Posted: Wed Oct 05, 2005 11:04 am
by One-Fall
Good point, Sunshine. I have just noticed that almost everyone around me seems to be improving, and I have kind of stood still. One of the big things I have noticed about them (the improving group) is that they climb on plastic a fair bit.

Posted: Wed Oct 05, 2005 3:24 pm
by SikMonkey
That is the cool thing about climbing though. You can strive to continually improve, or you can just chill out and climb or you can do both!

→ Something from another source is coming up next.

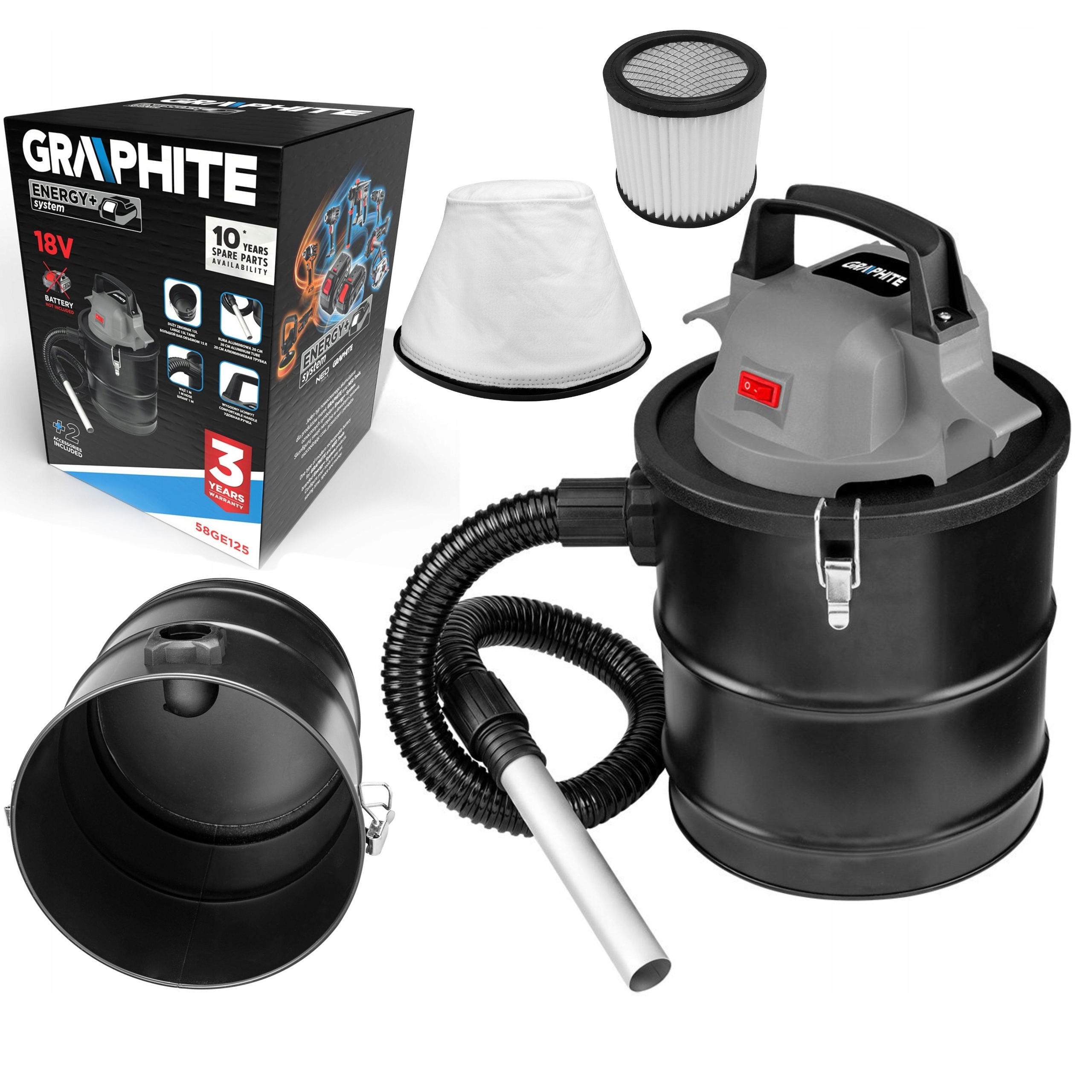Беспроводной пылесос для золы Energy+ 18 V 58GE125 от GRAPHITE с емкостью бака 15 литров. Он работает на основе аккумуляторной системы Energy+. Рекомендуемый аккумулятор – 4 Ач (время работы на 2 Ач примерно 17 минут). Устройство оснащено моющимся и многоразовым НЕРА-фильтром, а также тканевым фильтром, предназначенным для работы с пылью. Резервуар из нержавеющей стали рекомендуется использовать для хранения охлажденной золы от камина, барбекю или печи. Пылесос также хорошо справляется со своей традиционной ролью – для уборки дома, мастерской, гаража, подвала или котельной. Для всасывания гальки, песка и стружек. Имеет всасывающий шланг диаметром 30 см и длиной 1 м. Длина алюминиевой трубы составляет 20 см, а вместительный бак изготовлен из прочной нержавеющей стали. Пылесос работает при отрицательном давлении ?8 кПа. Его вес составляет 2,23 кг. Он обеспечивает удобство использования, в том числе благодаря удобной ручке для транспортировки. Марка GRAPHITE рекомендуется для длительного использования.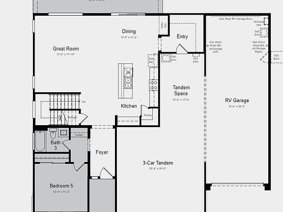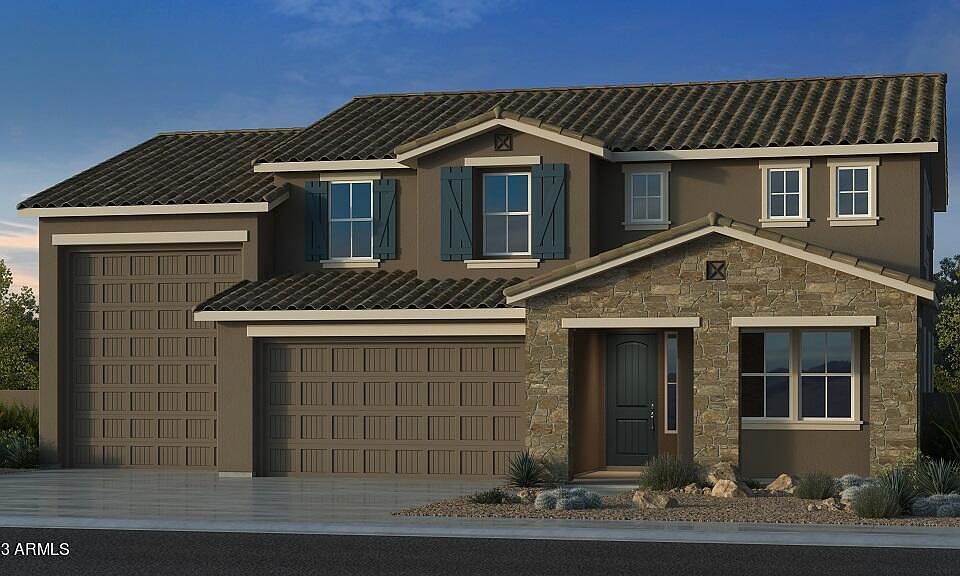 MLS#6643353 May Completion! The 55-RV3 floor plan at Allen Ranch Fiesta is a captivating two-story design, featuring 2,626 sq. ft., 5 bedrooms, 3 bathrooms, a 3-car tandem garage, an RV garage. This splendid home has a guest bedroom downstairs and 4 bedrooms on the upper level, ensuring privacy for you, your family, and guests. The expansive gathering room seamlessly connects to the dining and kitchen area, with an adjoining outdoor living space that enhances the overall indoor/outdoor living experience. The owner's suite boasts a spacious walk-in closet and double sinks, oversized shower, adding to the home's allure. Design upgrades feature appliances, cabinetry, countertops and flooring. Structural options added include: Bed 5 in place of flex room, extended covered patio , RV garage rear door, HVAC prewire and cleanout.

As for everyone around you improving, remember why you are climbing in the first place. Is it to "keep up with the Joneses? or is it to get out and challenge yourself physically and/or mentally and enjoy a unique sport that not just anyone can partake in? I get into that mindset sometimes, worrying that I am being "left behind" and I will admit, it's hard to shake. Keep in mind that it is your ego (not saying that you are egotistical or anything) that puts thoughts like that into your head though.

Mj

Posted: Wed Oct 05, 2005 4:37 pm
by Toy
Training can help no doubt. I find that folks that improve by climbing indoors though really like climbing indoors and are motivated by it. Climbers that genuinely hate the gym don't see the returns like the more motivated. If you are motivated to get better, you need to train (indoors or out, regardless of whether or not it is plastic or stone). I don't get to the cliff but 1 day a week at most. Sometimes I go long stretches without making it to the cliff at all, and I don't have a gym. So I spend way more time going to the cliff and "training". To me this is fun because I know I'll be stronger the next time I hit the cliff. At the end of the day, climb until failure. I have seen very quick returns this way. It's also a good training practice to onsight routes. I get more benefit from onsighting a route far below my limit than running laps on something I have dialed. That (lap running) has its place, but also has limits.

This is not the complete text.